Patrick Brickley: Yes. Well, I think we mentioned that we’re – as we look forward to 2024, we’re anticipating that we can increase our adjusted EBITDA by 25% with our existing exiting cost structure and continuing to make gradual optimizations to it. So whereas in Q4, we’ve got adjusted EBITDA related expenses of around $89 million, that’s what we would anticipate continuing to run into next year with. There will be seasonality, there will be payroll tax, in fact seasonality, et cetera. But and then over 90% of our revenue is subscription and the gross margin on that is very high. So yes, the margin on the onetime licenses, software licenses and other is really high. The last year, that was $18 million this year that’s going to be around $12.5 million to $13 million with really high margin.
And – but we originally thought there’d be a lot more than $12.5 million to $13 million. And most of the reduction that we’re talking about came out of the back half of the year. So we’ve had – unfortunately, we’ve been able to manage through it.

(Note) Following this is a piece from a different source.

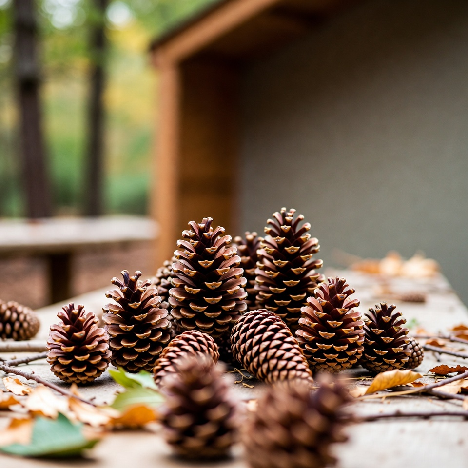 Pine cones are placed on a wooden surface among fallen leaves in a forest during autumn. The scene shows nature's seasonal change.
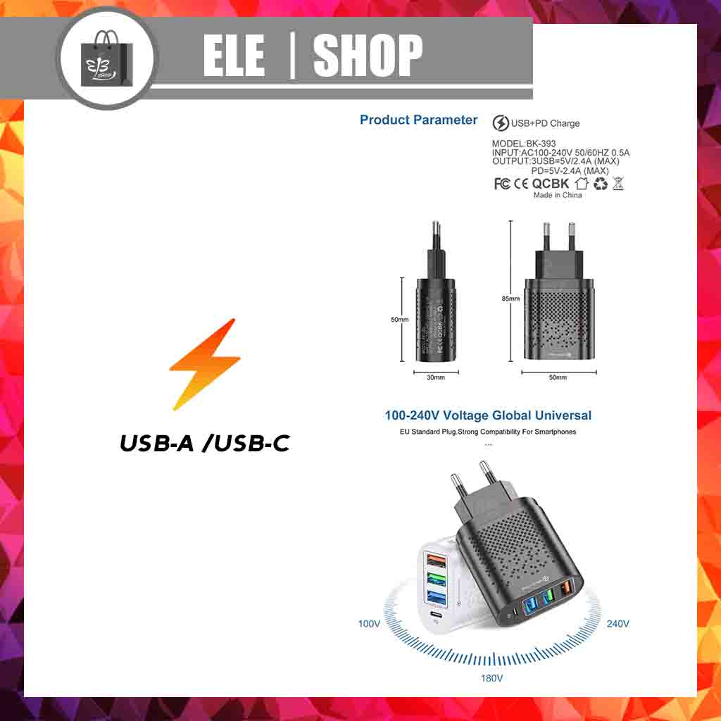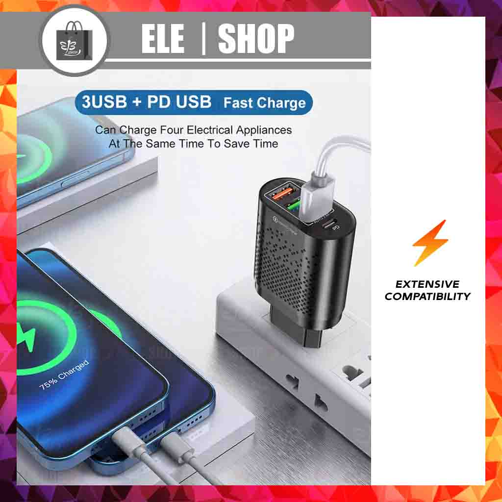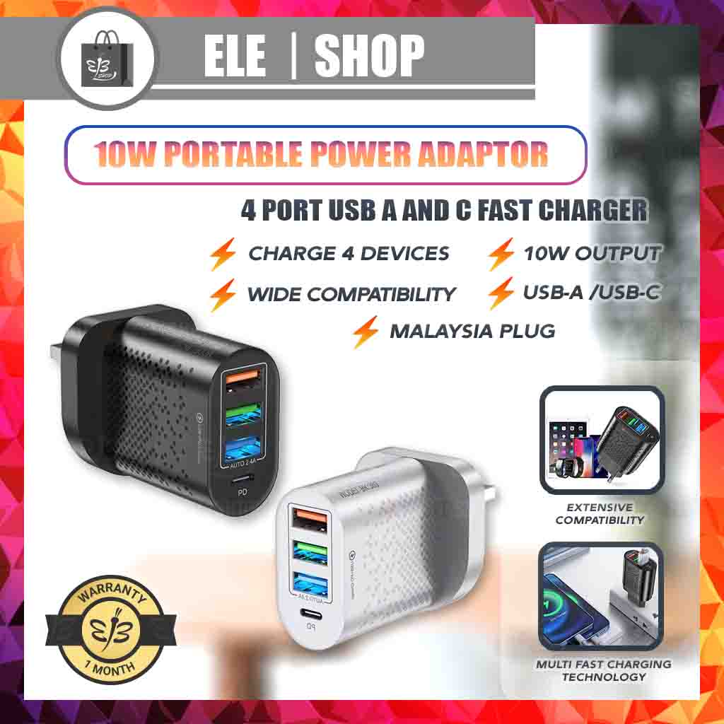 [Free Warranty][USB SET] Malaysia Plug Multiple Port Wide Compatibility 10W Portable Adapter for Type C USB A series Fast Charger PD For IOS iPad Samsung Huawei oppo vivo New model Android phones Nintendo Switch pocket Adapter Fit In Any Handbag

David Wagner: And Mike, for the first time we put into our guidance, that split between subscription professional services and software, so you have that for the fourth quarter guide. Patrick you are on the call as well. But it’s in the table, the press release so you can get that break out, not just our historical core of the quarter forecasted. And then just on my inter-correction on the Anvil, the $8 million is an accrual for potential damages in addition to that versus the operating expenses to take that thing to trial that are coming in through the P&L in that they’re not adjusted out there in the EBITDA expenses just underlying for Q3 and probably just over in – for Q4.
Michael Berg: Got it. Helpful. Thank you.
Operator: The next question comes from William Power from Baird. Please go ahead.
Unidentified Analyst: Hi. This is [indiscernible] on for Will Power. Thanks for taking the question. So just looking at nonsubscription revenue, how do you think that might shake out next year? Should we expect nonsubscription revenue to decline in 2024? Or is there any early framework for how to think about that piece? Thanks.